By combining these three back doors to the server you can achieve a high degree of maneuverability over the server.

Installation

Installing the proxy is quite easy. The distribution package contains just one binary (and as of 0.5.1, also some sample lua scripts). You can unpack that and copy it where you like.
For some operating system it's even easier, because there are RPM packages that will take care of everything.
If your operating system is not included in the distribution, or if you want to try the bleeding edge features as soon as they leave the factory, you may get the source from the public Subversion tree and then build the proxy yourself.
It should need just a few basic actions

 ./autogen.sh
 ./configure && make
 sudo make install 
 # will copy the executable to /usr/local/sbin

Simple query interception

As our first example, let's do a "I was there" kind of action, just to give you the feeling that you are standing where you want to be.
  1. Create a Lua file, named first_example.lua, containing the lines listed below
  2. Assuming that your database server is on the same box, launch the proxy server
  3. From a separate console, connect to the proxy server, which is like connecting to the normal server, with the difference that you will use port 4040 instead of 3306

 -- first_example.lua 
 function read_query(packet)
   if string.byte(packet) == proxy.COM_QUERY then
     print("Hello world! Seen the query: " .. string.sub(packet, 2))
   end
 end
# starting the proxy
$ mysql-proxy --proxy-lua-script=first_example.lua 
# from another console, accessing the proxy
$ mysql -u USERNAME -pPASSWORD -h 127.0.0.1 -P 4040 -e 'SHOW TABLES FROM test'
If you come back to the previous terminal window, you will see that the proxy has intercepted something for you.

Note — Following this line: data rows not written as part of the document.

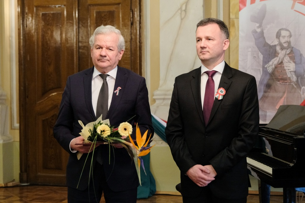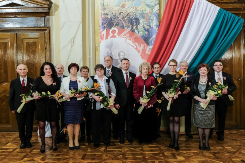 Azzal, hogy az önkormányzat a legrangosabb városi elismeréseket épp március 15-én adja át, a hősök iránti tiszteletét is kifejezi – mutatott rá a polgármester, majd átnyújtotta a díjakat.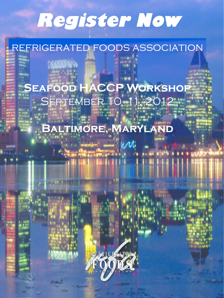 Register Now refrigerated foods association Seafood HACCP Workshop September 10 -11, 2012 Baltimore, Maryland Seafood HACCP Program In conjunction with this year s Fall Symposium in Baltimore, the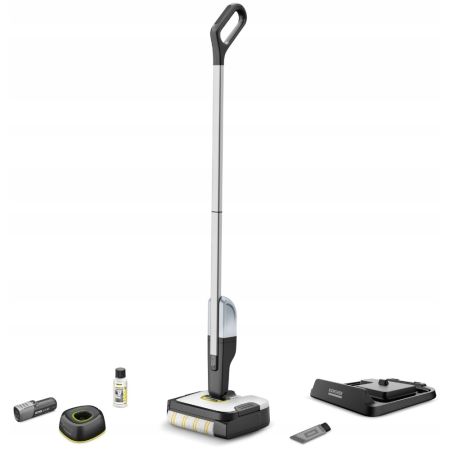 Mop elektryczny FC 2-4 cechuje się możliwością postawienia urządzenie bez opierania, niewielką wagą wynoszącą zaledwie 2,2 kg oraz automatycznym włączaniem i wyłączaniem. Aby rozpocząć wygodne i równoczesne usuwanie codziennych, mokrych i suchych zanieczyszczeń, wystarczy do tyłu pociągnąć za uchwyt. Maksymalny czas pracy na jednym ładowaniu wynosi 20 minut, co umożliwia wyczyszczenie obszaru o powierzchni do 70 metrów kwadratowych. Po uruchomieniu urządzenia, pad jest automatycznie zwilżany wodą ze zbiornika czystej wody. To zapewnia równomierne oraz skuteczne czyszczenie twardych posadzek. Urządzenie potrafi czyścić wzdłuż krawędzi, a dzięki zintegrowanemu filtrowi z łatwością usuwa włosy i sierść. Zintegrowany i higieniczny zbiornik zanieczyszczeń pozwala uniknąć bezpośredniego kontaktu z zanieczyszczeniami. Może zostać zdemontowany i wyczyszczony bezpośrednio po zakończeniu sprzątania. 4 V akumulator Kärcher Battery Power dostarczany z urządzeniem jest kompatybilny ze wszystkimi 4 V urządzeniami Kärcher Battery Power.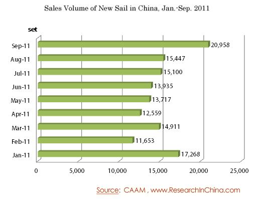 Sales Volume of New Sail in China, Jan.-Sep. 2011

Hello world! Seen the query: select @@version_comment limit 1
Hello world! Seen the query: SHOW TABLES FROM test
The first query was sent on connection by the mysql client. The second one is the one you sent.
As you can see, you are able to get in the middle, and make the proxy do something for you. For now, this something is very minimum, but we're going to see more interesting stuff in the next paragraphs.

Note on usage

Until version 0.5.0, to use a Lua script you need also to use the option --proxy-profiling, or else the read_query and read_query_result functions don't kick in.
Starting from version 0.5.1, this option is no longer necessary. The above mentioned functions are activated by default. Instead, a new option was introduced, to skip their usage. If you are using the proxy only for load balancing, you should now specify --proxy-skip-profiling.

Query rewriting

The more interesting stuff starts with query rewriting. To demonstrate this feature, let's choose a practical task. We want to catch queries with a common typing error and replace it with the correct keyword. We will look for my most frequent finger twists SLECT and CRATE.
Here is second_example.lua

 function read_query( packet )
   if string.byte(packet) == proxy.COM_QUERY then
     local query = string.sub(packet, 2)
     print ("received " .. query)
     local replacing = false
     -- matches "CRATE" as first word of the query
     if string.match(string.upper(query), '^%s*CRATE') then
         query = string.gsub(query,'^%s*%w+', 'CREATE')
         replacing = true
     -- matches "SLECT" as first word of the query
     elseif string.match(string.upper(query), '^%s*SLECT') then
         query = string.gsub(query,'^%s*%w+', 'SELECT')
         replacing = true
     end
     if (replacing) then
         print("replaced with " .. query )
         proxy.queries:append(1, string.char(proxy.COM_QUERY) .. query )
         return proxy.PROXY_SEND_QUERY
     end
   end
 end
As before, start the server with the option --proxy-lua-script=second_example.lua
and connect to it from a mysql client

 $ mysql -u USERNAME -pPASSWORD -h 127.0.0.1 -P 4040 
 Welcome to the MySQL monitor.  Commands end with ; or \g.
 Your MySQL connection id is 48
 Server version: 5.0.37-log MySQL Community Server (GPL)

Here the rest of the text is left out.